We have talked about M3 in other threads, and yes is a problem. Particularly beginning last month where other governments did not buy the US debt offerings to pay the balance of payments. Although I cannot prove it, the only other way to pay the debt is for the FED to buy US treasuries to pay the bills. This means more dollars in circulation, and less value to those who hold dollar debt in Europe, China, and Japan. The difference comes out in the exchange rate of dollars to euros.
Remember that at the end of 2002, a dollar bought 1.12 euros. Now 4 years later, a dollar buys .76 euros – a decline of 36% in a little under 4 years. So in theory, the price of European goods and services should have gone up 36% because the dollar decline by that much, but they have not. The Europeans, China, and Japan, et al are continuing to eat the losses to keep selling to the US consumers. But not forever.
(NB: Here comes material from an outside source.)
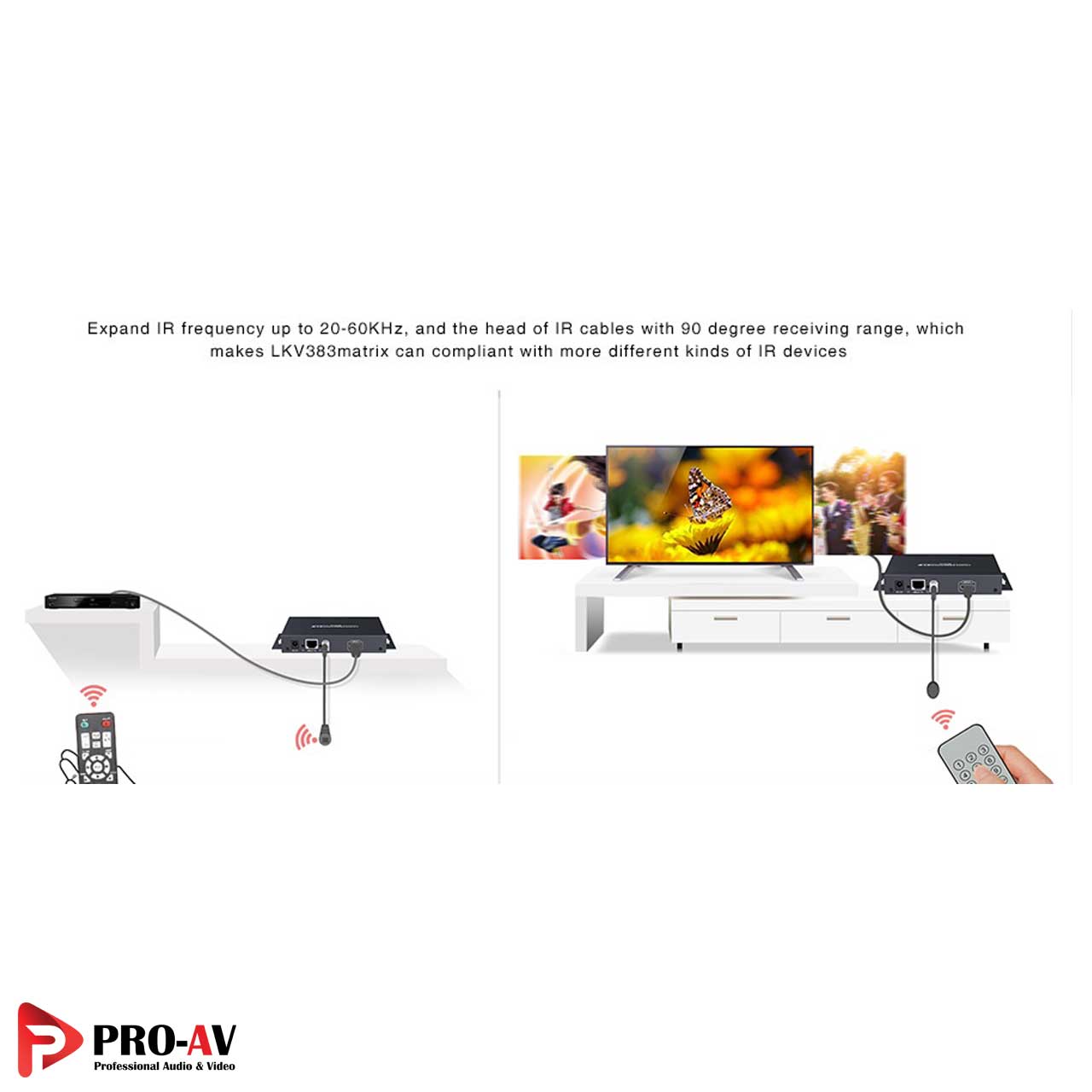 اکستندر HDMI مدل LKV383Matrix بااتصال کابل گیرنده امواج IR به گیرنده (RX) و اتصال فرستنده امواج IR به فرستنده (TX)، امواج IR از طریق کابل شبکه از گیرنده به فرستنده انتقال میدهد و کاربر بهراحتی وبالم دادن بر روی کاناپه و از طریق ریموت کنترل دستگاه منبع در فاصله دور را کنترل نماید.

China which is holding/was holding about a trillion dollars in reserves has said they are going to diversify into other currencies. And last month we saw the result. Not enough foreign buyers for dollar debt. When you wrote the earlier thread about foreign banks diversifying out of dollars (earlier this month, or last month) it was .78 dollars per euro, now it is .76, a loss of 2.56%. The more US debt the FED buys, the faster the growth of M3. Sooner or later out foreign suppliers will need to raise prices to offset the dollar devaluations, and then inflation will hit 10+ percent.